# Is there a rom that removes mobile hotspot



## Edwinp95 (Sep 13, 2011)

Is there a rom that can do that


----------



## daniel (Jun 7, 2011)

Can you just uninstall the app?


----------



## sparks639 (Jul 30, 2011)

Edwin, are you rooted?


----------



## Edwinp95 (Sep 13, 2011)

"sparks639 said:


> Edwin, are you rooted?


Yes I am


----------



## blaineevans (Jul 11, 2011)

Slightly OT but, last I checked there was no way to freeze/uninstall "3G Mobile Hotspot" on GB. Has anything changed?


----------



## pinkbull (Sep 13, 2011)

Why do you want to remove it? 3g hotspot app work for me flawless.
Did u try wug tether patch yo fix dx tether?

Sent from my DROIDX using Tapatalk


----------



## Edwinp95 (Sep 13, 2011)

"pinkbull said:


> Why do you want to remove it? 3g hotspot app work for me flawless.
> Did u try wug tether patch yo fix dx tether?
> 
> Sent from my DROIDX using Tapatalk


I tried it but didn't fix nothing


----------



## blaineevans (Jul 11, 2011)

pinkbull said:


> Why do you want to remove it? 3g hotspot app work for me flawless.
> Did u try wug tether patch yo fix dx tether?
> 
> Sent from my DROIDX using Tapatalk


Don't need it, at all. I can't be the only one..


----------



## Waffleninja (Sep 3, 2011)

blaineevans said:


> Don't need it, at all. I can't be the only one..
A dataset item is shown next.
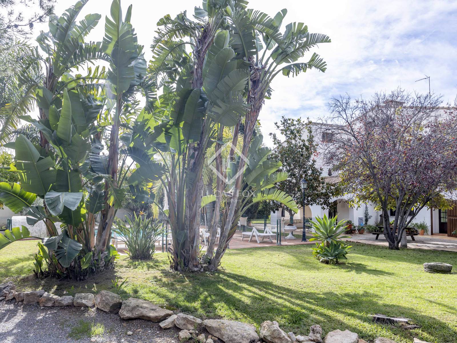 The exterior is a true oasis: a swimming pool with a fenced sun deck, extensive areas with mature vegetation, olive trees, palm trees, and charming corners. It also features a traditional paella cooking area, a vegetable garden garden, stables, and ample parking.

You might as well keep it, you never know if you may need it.


----------



## Infazzdar (Jun 21, 2011)

If I remember correctly, the 3G Mobile Hotspot app is integrated into the Settings.apk on OTA Gingerbread; therefore, it can't be removed.


----------



## x.v_ (Aug 23, 2011)

You could use a laucher that can hide icons, if it really bugs you that much.


----------



## SalsaDestroyer (Jul 26, 2011)

On that note, can anyone on .602 confirm that the hotspot tether patch works or does not work?

*edit* after some more digging, some other forums say that a gb tether patch works. I'm still wary of trying those things, though.


----------



## berto1014 (Jun 14, 2011)

CyanogenMod 7 gets rid of it. You can also tether for free on CM7. You just need http://code.google.com/p/android-wifi-tether/

Download the latest one with CM7 and you will be tethering for free.


----------



## Waffleninja (Sep 3, 2011)

"berto1014 said:


> CyanogenMod 7 gets rid of it. You can also tether for free on CM7. You just need http://code.google.com/p/android-wifi-tether/
> 
> Download the latest one with CM7 and you will be tethering for free.


Or you could download PdaNet off the Market, works perfectly and also for free.

CM4DX official nightlies


----------



## excaliber88 (Aug 26, 2011)

Edwinp95 said:


> Is there a rom that can do that


I have frozen this from the ROM. It is as effective as removing it. I actually "uninstalled" it but the icon could not be removed, so I guess the other commentator is correct that it is baked into the rom.


----------